Récemment, sur Recode, la fondatrice Kara Swisher s’est entretenue avec Maha Ibrahim, l’une des trois femmes partenaires générales de la société de capital-risque Canaan Partners. Mme Ibrahim a déclaré : « Dans le monde de l’entrepreneuriat – et c’est spécifique aux femmes – il n’y a pas d’icône. Il n’y a pas de Steve Jobs, pas de Mark Zuckerberg… J’ai participé à des panels où les investisseurs masculins disaient : « Nous avons l’impression que les femmes visent la lune, pas les étoiles. Nous avons l’impression que les femmes ne sont pas aussi ambitieuses que les hommes ». Elle a ajouté : « Et ils utilisent cela comme un exemple, « Mince, il n’y a pas de Mark Zuckerberg féminin ».

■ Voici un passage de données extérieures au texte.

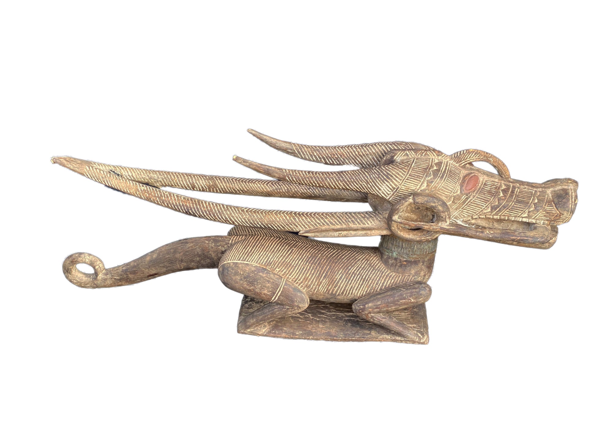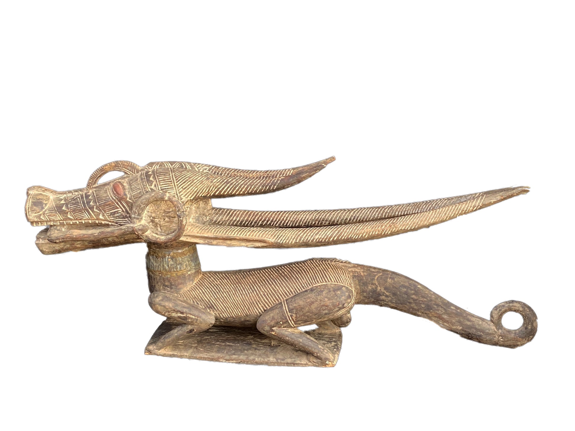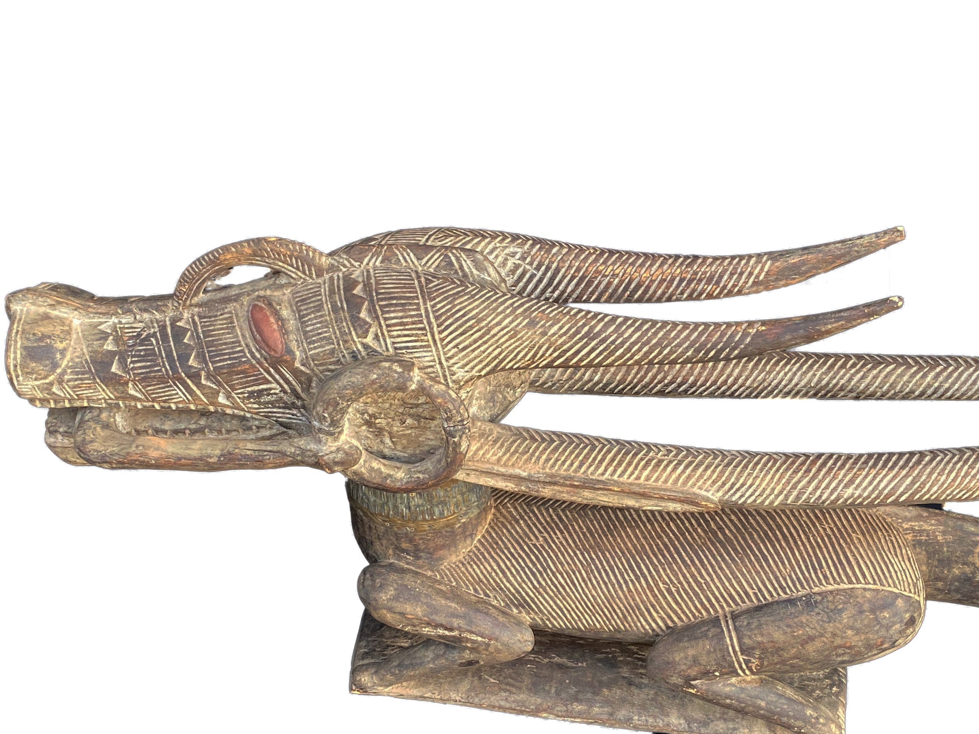 This extraordinary and massive Chiwara (antelope) sculpture has been impeccably carved from a single piece of wood. Historically, the Bambara people of Mali used this piece in initiation rituals associated with their agricultural society. Dimensions: 56"W x 23.5"H x 10"D.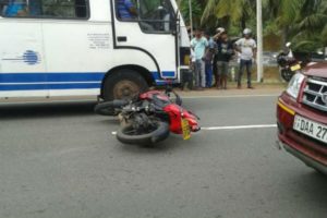 மேற்குறித்த பகுதியில், மோட்டார் சைக்கிள் ஒன்றும் முச்சக்கர வண்டி ஒன்றும் நேருக்கு நேர் மோதியதில், மோட்டார் சைக்கிளில் சென்ற 33 வயதுடைய ந.யோகம்பரநாதன் என்பவரே படுகாயமடைந்தவராவார்.இதேவேளை இவ்வீதி விபத்துக் குறித்து விசாரணைகள் நடைபெறுகிறது.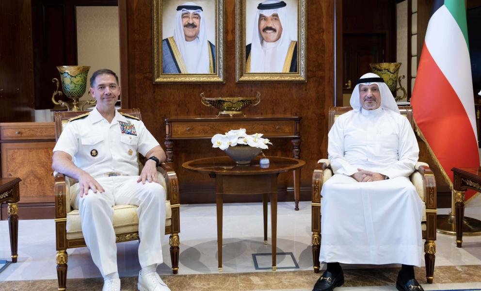 أجرى وزير الخارجية الكويتي الشيخ سالم العبد الله الصباح، اليوم الاثنين، مباحثات مع الأدميرال براد كوبر، قائد القوات البحرية بالقيادة المركزية الأمريكية وقائد الأسطول الخامس، حول التعاون في مجال الأمن البحري.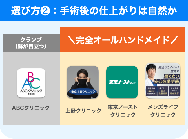 せっかく包茎手術をしたのに恥ずかしい仕上がりにならないよう、必ず『完全ハンドメイド』で手術してくれるクリニックを選びましょう。

Zuckerberg s’est illustré en créant Facebook, à tel point qu’il a été poursuivi en justice par des camarades de classe de Harvard qui l’accusaient de leur avoir volé l’idée. Que serait-il arrivé à une femme aussi agressive que Zuckerberg ? Comme Ellen Pao, elle aurait été mise à l’écart pour avoir enfreint le comportement féminin « approprié ».
La Silicon Valley est particulièrement confrontée à ce problème. De nombreuses entreprises technologiques pensent qu’elles sont tout simplement des méritocraties et que le recrutement consiste simplement à trouver la meilleure personne pour le poste.
Tant que les patrons de l’industrie technologique se languiront de Mme Jolie – et l’embaucheront – les femmes seront vouées à une lente ascension.
Le même sort sera réservé aux candidates à l’élection présidentielle tant que les journalistes seront obsédés par leur gentillesse – ou leur manque de gentillesse – alors que les candidats masculins échapperont totalement à cet examen.
Ne retenez pas votre souffle en attendant que la situation change.